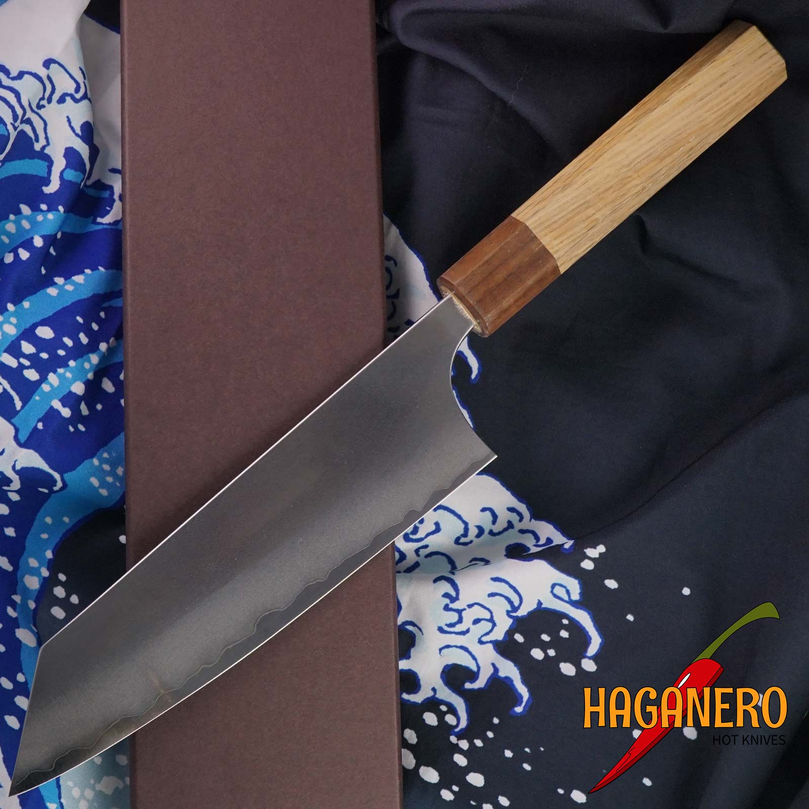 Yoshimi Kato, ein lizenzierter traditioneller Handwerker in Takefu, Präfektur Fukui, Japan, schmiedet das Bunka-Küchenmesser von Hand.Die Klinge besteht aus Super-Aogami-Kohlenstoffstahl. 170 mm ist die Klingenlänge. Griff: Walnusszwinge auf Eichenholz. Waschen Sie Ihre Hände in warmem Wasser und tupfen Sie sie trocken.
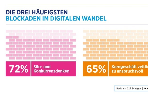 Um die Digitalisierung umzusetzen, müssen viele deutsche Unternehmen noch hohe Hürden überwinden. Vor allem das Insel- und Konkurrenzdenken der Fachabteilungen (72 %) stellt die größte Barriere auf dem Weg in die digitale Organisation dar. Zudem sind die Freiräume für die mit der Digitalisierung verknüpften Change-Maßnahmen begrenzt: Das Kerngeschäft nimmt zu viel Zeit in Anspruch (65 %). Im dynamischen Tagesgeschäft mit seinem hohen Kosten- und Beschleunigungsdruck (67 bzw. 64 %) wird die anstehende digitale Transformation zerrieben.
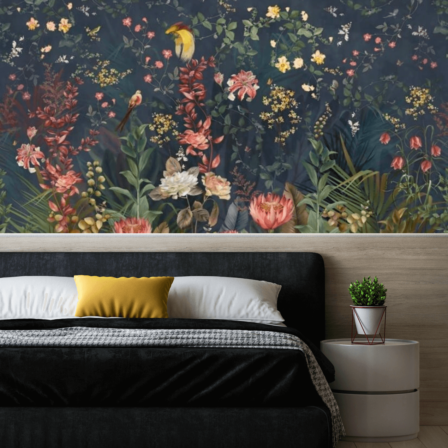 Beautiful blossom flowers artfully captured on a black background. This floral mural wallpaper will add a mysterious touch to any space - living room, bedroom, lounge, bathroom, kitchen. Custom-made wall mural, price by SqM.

--

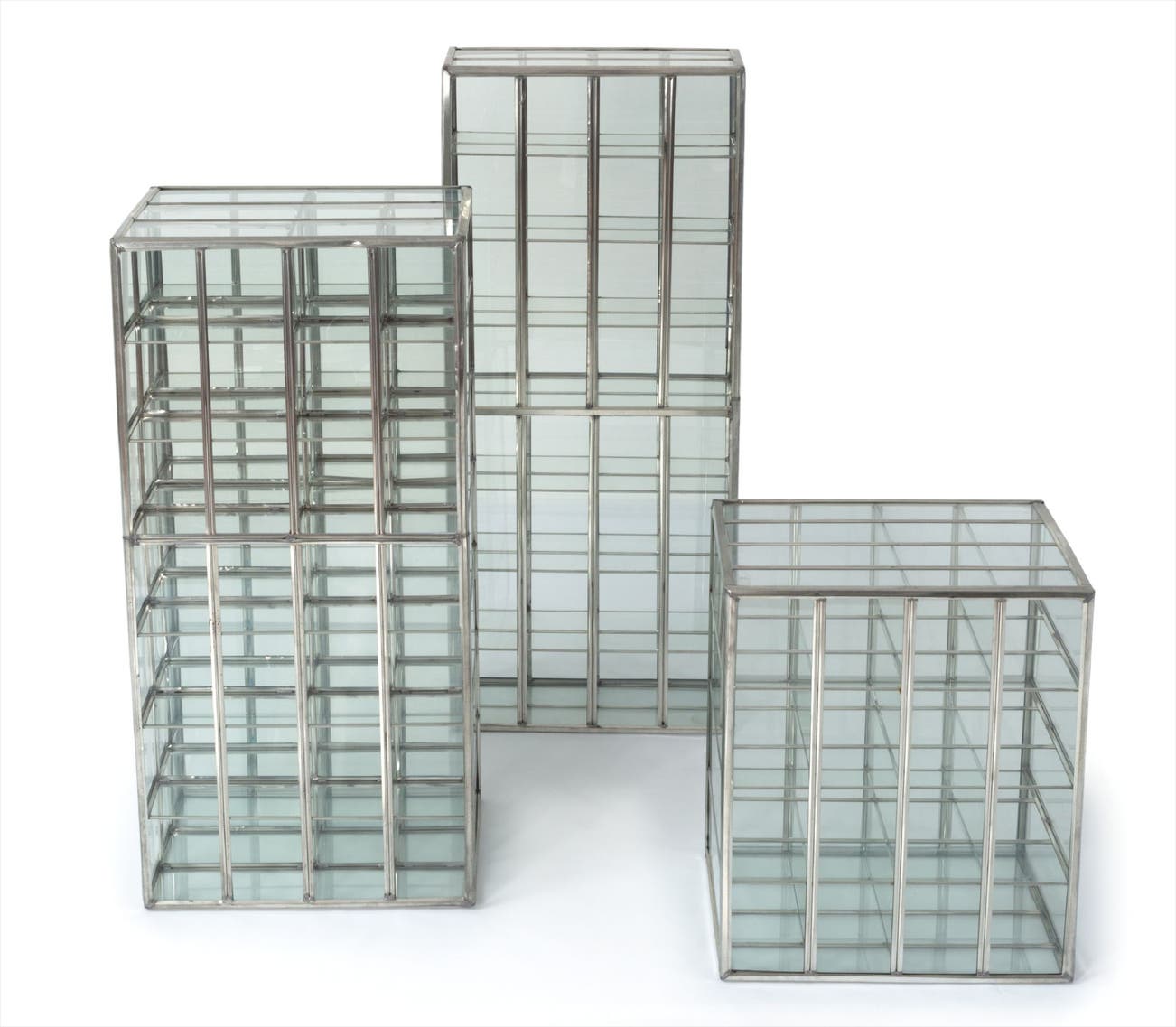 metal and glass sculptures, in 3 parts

---

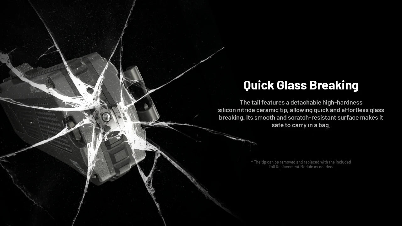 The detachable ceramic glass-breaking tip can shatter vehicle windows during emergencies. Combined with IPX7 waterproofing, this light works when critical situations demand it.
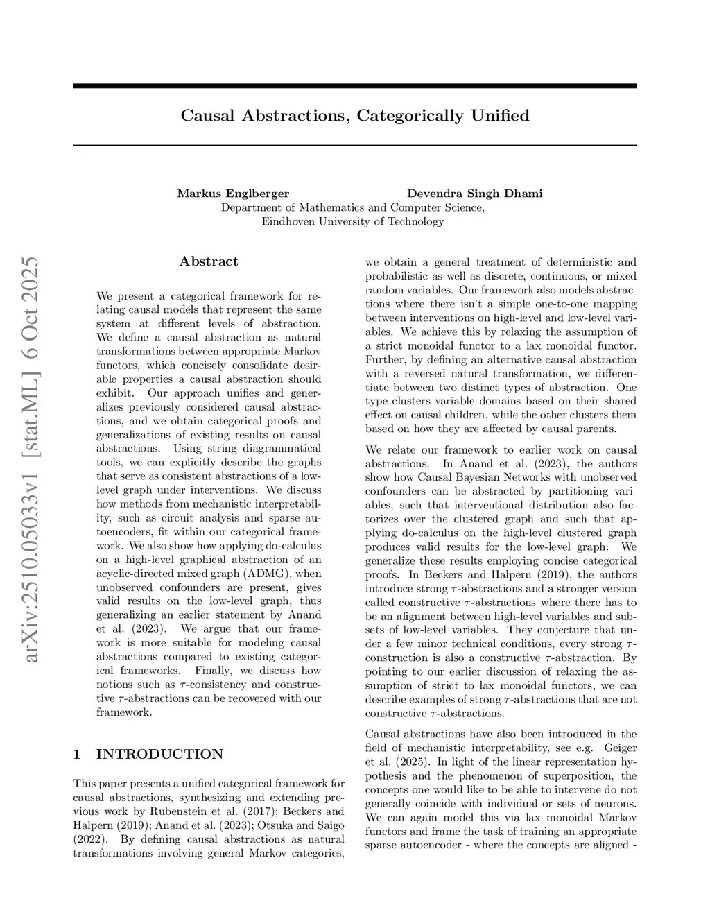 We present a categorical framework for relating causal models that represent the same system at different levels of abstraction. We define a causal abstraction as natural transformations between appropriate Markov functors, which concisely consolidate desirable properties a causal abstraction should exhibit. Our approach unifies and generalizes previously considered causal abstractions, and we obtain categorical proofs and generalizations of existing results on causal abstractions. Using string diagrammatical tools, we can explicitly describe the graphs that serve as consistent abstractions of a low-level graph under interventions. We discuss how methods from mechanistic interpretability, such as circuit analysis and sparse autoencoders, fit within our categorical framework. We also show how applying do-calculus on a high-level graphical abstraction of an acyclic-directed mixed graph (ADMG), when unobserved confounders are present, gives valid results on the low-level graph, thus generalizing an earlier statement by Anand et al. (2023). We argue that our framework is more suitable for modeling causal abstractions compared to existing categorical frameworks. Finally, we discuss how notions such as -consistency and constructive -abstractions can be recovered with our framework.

Problem requirements: Your output should be the lines above from the one that contains "Um die Digitalisierung" through the one that contains "Beautiful blossom flowers", word for word, with pictures left out.

Answer to this problem:
 Um die Digitalisierung umzusetzen, müssen viele deutsche Unternehmen noch hohe Hürden überwinden. Vor allem das Insel- und Konkurrenzdenken der Fachabteilungen (72 %) stellt die größte Barriere auf dem Weg in die digitale Organisation dar. Zudem sind die Freiräume für die mit der Digitalisierung verknüpften Change-Maßnahmen begrenzt: Das Kerngeschäft nimmt zu viel Zeit in Anspruch (65 %). Im dynamischen Tagesgeschäft mit seinem hohen Kosten- und Beschleunigungsdruck (67 bzw. 64 %) wird die anstehende digitale Transformation zerrieben.
 Beautiful blossom flowers artfully captured on a black background. This floral mural wallpaper will add a mysterious touch to any space - living room, bedroom, lounge, bathroom, kitchen. Custom-made wall mural, price by SqM.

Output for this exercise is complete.